Imagine you have a sheet of paper to throw away. Do you crumple it up before tossing it out or just put it in as it is? (Ideally you would recycle it, but we’ll exclude that option from this particular thought experiment.) Does your answer change depending on your proximity to the wastebasket? What about the size of the piece of paper? Or the amount of trash already in the container? So many things to consider!

I understand crumpling a piece of paper in frustration, but it seems many people automatically crumple, despite the extra effort involved. Perhaps they do it to reinforce the “trash-ness” of the paper—their mental archetype of a discarded piece of paper is necessarily a crumpled ball. Or perhaps crunching the paper into a ball allows them to turn the act of throwing it away into a miniature game, but this reason loses validity if the person is sitting next to the trashcan.
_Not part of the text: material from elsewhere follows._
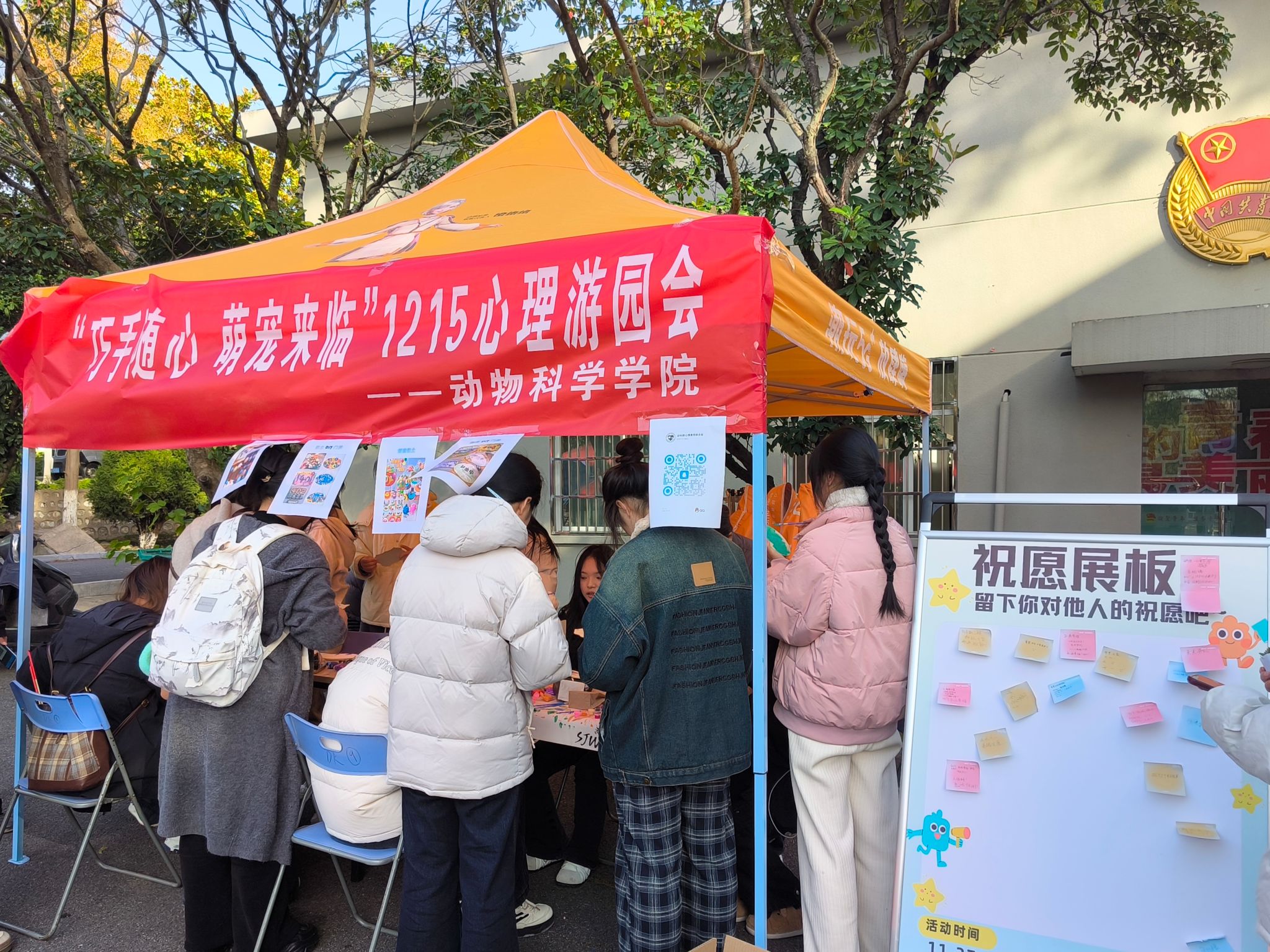 11月27日,动物科学学院“巧手随心,萌宠来临”心理游园会在五四广场拉开序幕,活动内容包括DIY黏土娃娃、DIY门牌、创造星球、粘土棒棒糖创意手工项目以及领养纸制小狗、玩偶合影等互动项目。在制作过程中,同学们充分发挥创造思维,制作出了一款款独特的作品,体验到了创作的乐趣和成就感。通过手工制作劳动体验,引导学生用双手感受美好事物,活动充分体现了劳动对心理健康的促进作用,有助于学生培养理性平和、积极向上、热爱生活的心理品质。

Conversely, it seems when most people discard empty food containers, such as plastic bottles and cardboard boxes, they neglect to compact them. This means a trashcan accumulates trash much faster than it would if the containers were compressed. The effort required to flatten a cardboard box or compress a plastic bottle is minimal and saves a surprising amount of space. Admittedly, the satisfaction gleaned from squashing these objects is inferior to crumpling a sheet of paper, which turns into an aesthetically pleasing and aerodynamic ball.

Compress containers, and you’ll be amazed at how much less frequently you will have to take out the trash. Or do one better and just recycle. Paper. Plastic. Glass. Even cardboard. Pretty soon all your trash for the week will fit in one plastic grocery bag. Which you shouldn’t use, because they’re bad for the environment. So stop crumpling.